As a consequence, the traditional three-legged stool of retirement finance--consisting of Social Security, a private pension and the retiree’s savings--has had one leg taken out and is now getting pretty wobbly.

So it’s no wonder that to keep their post-retirement budgets from toppling, more people are doing what they planned to leave behind in retirement: work. (That’s the “new” retirement.)

But retiree-workers tend to be looking for more than a paycheck. They want the flexibility to work shorter hours or take longer vacations. And many want to do “meaningful” work that gives them a sense of purpose, rather than just punching a time clock.

Then there are the retirees who want to turn their hobby into a business. What could be a better time to let the entrepreneurial urge loose—and go whole-hog into the venture that you always dreamed about?

Well, the installment of “Get Your Finances Ready for Retirement” that airs on September 8th (due to news developments, this report has been postponed and will air on Monday, September 22nd) shows that new retirees may want to think twice before taking that step. Reporter Joe Collum found an ex-engineer in Upton, Massachusetts who tried to turn his love of woodworking into his second career. After investing $30,000+ of his retirement savings in new equipment, he found that sales fell short of expectations. Eventually, he had to seek a more conventional job. Collum’s conclusion: “If you’re starting a business in retirement, be sure to have a ‘plan B.’”

Now, getting back to the lucky “pensionaires” I mentioned earlier. As Connie Hicks will report on September 22nd, many of them have their own dilemma—deciding whether to take pension proceeds as a single “lump sum” payment or whether to take monthly payments (for the rest of the retiree’s life).
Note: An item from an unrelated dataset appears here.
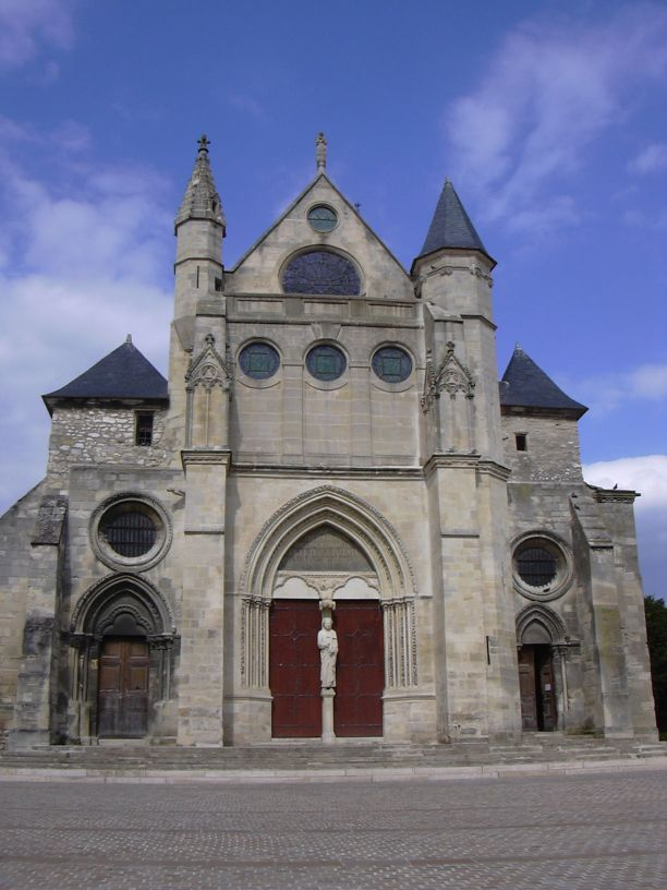 Church of Saints Pierre and Paul in Gonesse (Val-d'Oise, France, 12th and 13th centuries).

There are pluses and minuses to either course, and I won’t go into them now. But anyone who is confronted with this choice should be careful of brokers who urge the lump sum route. Many say they can invest the funds and do better than the return that the annuitized payment will provide. But again, this is something that the retiree needs to
consider carefully. Over the past year, stocks have gone down by double-digits. And while the market could rebound at any time, there’s no guarantee that will happen.

The bottom line: when it comes to retirement finances, always keep risk in mind.
And if you do decide to take a risk, be certain that you’re able to withstand the consequences if your best-laid plans turn into a worst-case scenario.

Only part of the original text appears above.